The main goal of nuclear fusion is to generate electric energy, reproducing on earth the nuclear reactions that power the stars. Nuclear fusion is among the energy sources able to guarantee world sustainability without CO₂ production, contributing to meeting the quick growth of global energy demand, which is expected to be doubled by 2050 due to the combined effect of the increase of world population and energy need per person in developing countries. However, different challenges must be addressed to make fusion a robust form of electric energy production.

Magnetically confined fusion uses a magnetic field to maintain the plasma (fully ionized gas) away from the wall. The most promising configuration of a magnetic fusion device is the tokamak, a toroidal device in which plasma plays the role of the secondary winding of a transformer that has to be kept in equilibrium by a set of poloidal field currents [1].

In 2012, the EUROFUSION consortium published the “European Fusion Roadmap” [1], in which eight missions have been identified and addressed to realize nuclear fusion by the end of the century. In particular, mission 2 refers to the power exhaust problem, which probably represents the main challenge towards the realization of magnetic confinement fusion.
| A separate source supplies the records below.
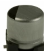
ECE-V0GA101SR Panasonic Electronic Components CAP ALUM 100UF 20% 4V SMD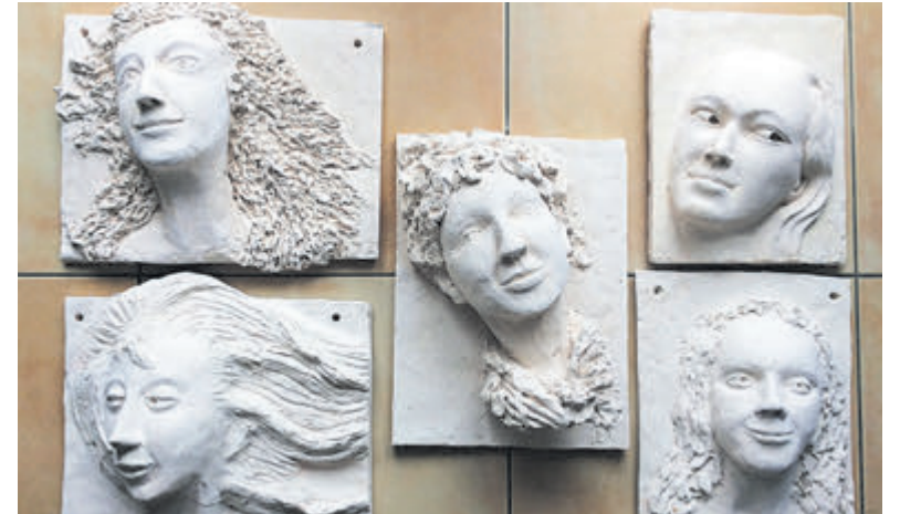
Enkele voorbeelden van geboetserde portretten.

geslaagd beeld te maken. Je kunt erop rekenen dat het hele proces een boeiend avontuur wordt en met elkaar beleef je daar bovendien veel plezier aan. Kleisoorten zijn naar keuze aanwezig, evenals alle hulpmiddelen. De cursusdata zijn de zaterdagdagen 29 maart, 5 en 12 april. De lessen vinden plaats van 09.30 tot 12.30 uur in het pand van Perspectief aan de Van Oldenbarneveldweg 37. Kijk op www.perspectiefcastricum.nl voor meer informatie.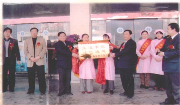
交通事故绿色通道挂牌仪式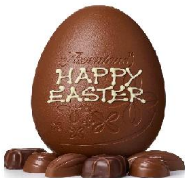
CHOCOLATE EGG /ČOKLIT EG/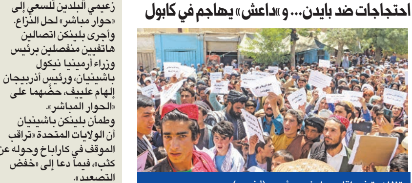
تظاهرة في إقليم بادغيس امس

أعلن المتحدث باسم حركة طالبان الأفغانية، ذبيح الله مجاهد، أمس، أنه لم يعثر على أي جثة في موقع مقتل زعيم تنظيم القاعدة، أيمن الظواهري، الذي أعلن الرئيس الأميركي جو بايدين الأسبوع الماضي، مقتله في غارة وسط كابول. وقال مجاهد: «هذا الأمر برفته لا يزال قيد التحقيق، ولم نعثر على أي جثة بعد، والمواد المستخدمة في الهجوم دمرت كل شيء بالكامل». والخميس الماضي، أعلنت حركة طالبان، في بيان، أنها لم تكن على دراية بوجود الظواهري بأفغانستان، مشددة على أن عملية واشنطن تعد انتهاكاً لاتفاق الدوحة.

According to the roadmap, the “risk exists that the baseline strategy pursued in ITER cannot be extrapolated to a fusion power plant”, hence “a dedicated Divertor Tokamak Test (DTT) facility will be necessary”. The final aim of the DTT device, whose construction is starting at ENEA C.R. Frascati—Italy, is the test of different solutions for the divertor in view of a DEMOnstration fusion reactor (DEMO), such as alternative plasma configurations and innovative materials for the divertor able to cope with very large power fluxes (>10 MW/m²). In 2015, the first proposal of the DTT project was published [2], while in 2019, a revised version was released [3] after a careful revision of the project according to the suggestions of the EUROFUSION consortium.
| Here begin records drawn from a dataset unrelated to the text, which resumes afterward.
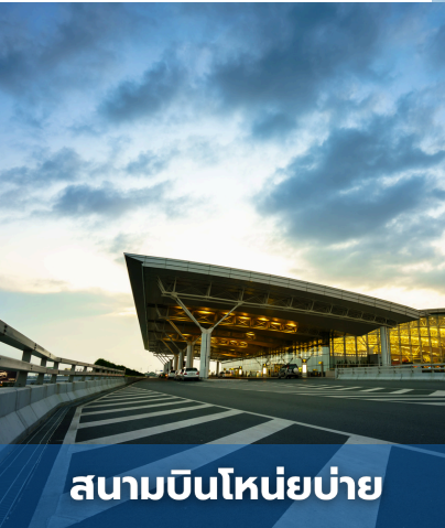
สนามบินโพนเปญ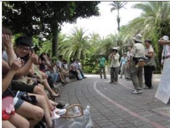
來來勒又~~該是那隻手抓鼻子呢?.. ...怎麼還有大字報？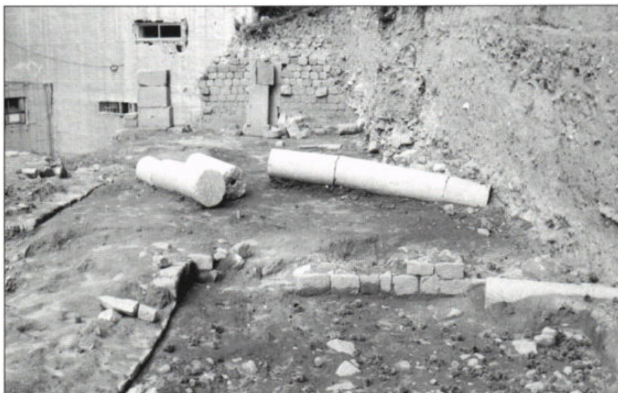
Fig. 7 – Perspectiva dos vestígios descobertos em 2005, correspondentes à scaena do teatro.

Tendo em conta os resultados obtidos, tornava-se absolutamente necessário desmontar o referido muro e remover cerca de 4m de aterros, trabalho que só veio a ser realizado na campanha de 2006.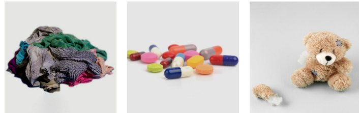
Kaputte Kleidung Medikamente Defektes Spielzeug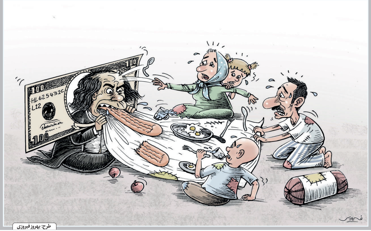
طرح: بهروز فیروزی

This paper is focused on the description of DTT plasma scenarios, showing a revised version with respect to [4], while in [5], a detailed description of the Single Null (SN) scenario fluid modeling is provided. Even if a DTT PF (Poloidal Field)/CS (Central Solenoid) coil system is able to accommodate a comprehensive set of divertor configurations, including SN, X-Divertor (XD), Single Null with Negative-Triangularity (SN-NT), Double Null (DN) and Snowflake (SF), for the design of the DTT first divertor, priority has been given to the SN (reference configuration), XD and SN-NT scenarios [6,7].

The paper is organized as follows. Section 2 presents the DTT machine configuration, showing the position, dimension and number of turns of the poloidal field coils, highlighting the limits in terms of magnetic fields, forces, voltages and currents. Section 3 reports the plasma scenario for the SN configuration, including the ramp-up, flat-top and ramp-down phases. Section 4 shows the alternative configurations for a flat top, whereas Section 5 draws the main conclusions of the work.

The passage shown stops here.